I have to agree with AllisterH that it's not item creation (which should be more adventure-driven, imo) or magic item trade that's the problem, but rather the nature of the 3E magic items. The "Big <#>" was always a part of D&D, but the ridiculous bonuses were not. In 1e & 2e, you could get a +1 to some stats from an item (STR excepted), and another +1 from a tome/manual... and that was it. Rings & cloaks of protection did not stack with each other(although they both provided bonuses to AC & saves, instead of just one or the other), and I dimly recall them not stacking with magic armor, either. There was no natural armor bonus. That said, the ogre/giant STR items were really disgustingly powerful.Wulf Ratbane said:And this is the problem with the Big Six. Not that they ever existed in 3e, simply that the designers did not anticipate (for whatever reason) that players would zero in on those six items as the best possible place to focus their resources.
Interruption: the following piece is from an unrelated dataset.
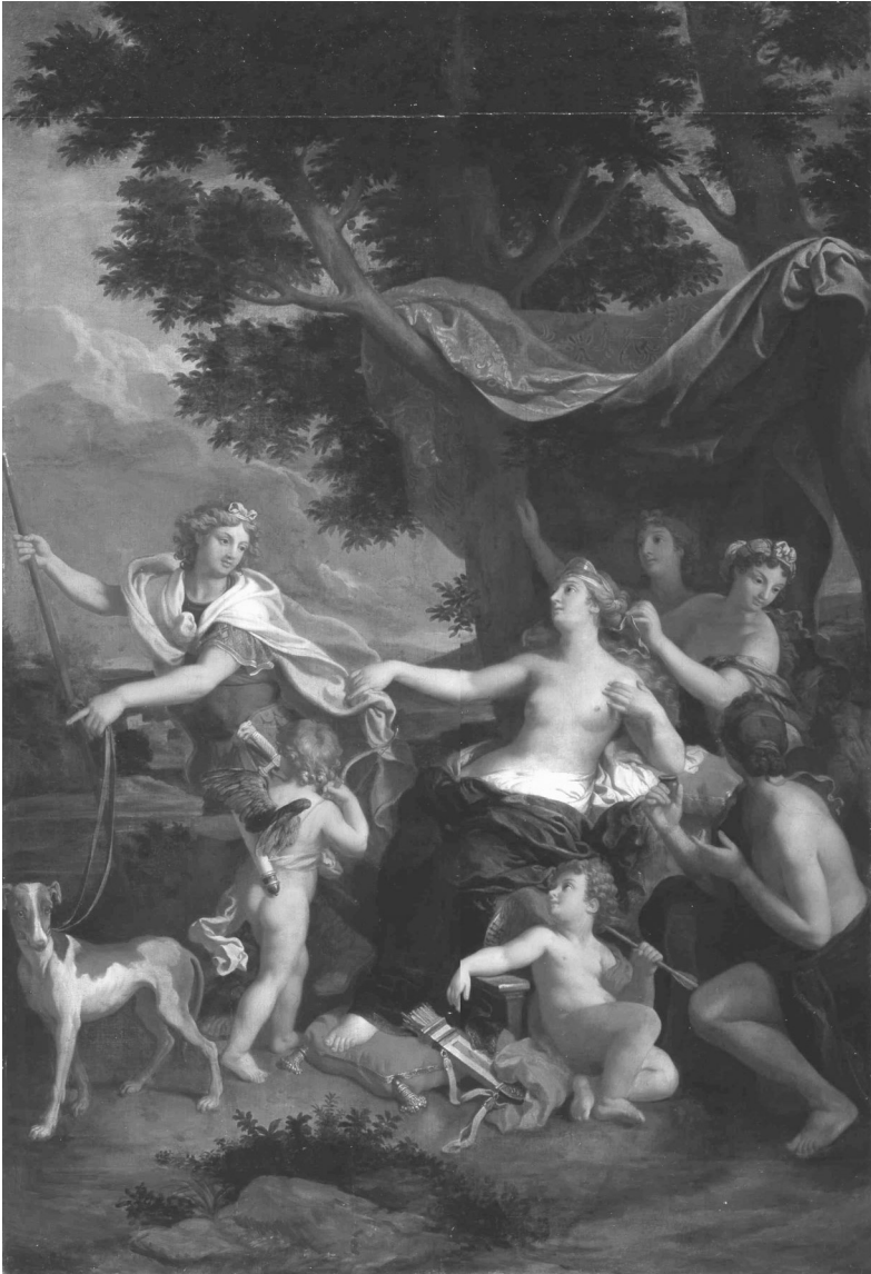
François Verdier, Vénus veut empêcher Adonis d'aller à la chasse , 1698, huile sur toile, 222 x 154 cm Château de Versailles et de Trianon

It was not anticipated that players would all have the Big Six constantly enchanted to a bonus appropriate for their level.
The Big Six in brutally efficient combination broke the 3e math, and it was Item Creation and the trade in magic items that got them there.
The mistake in 3e was ramping up all the bonuses that you could get from items, allowing them all to stack, and creating an exponential pricing scheme where lots of smaller bonuses were cheaper, and more effective, than a few big bonuses.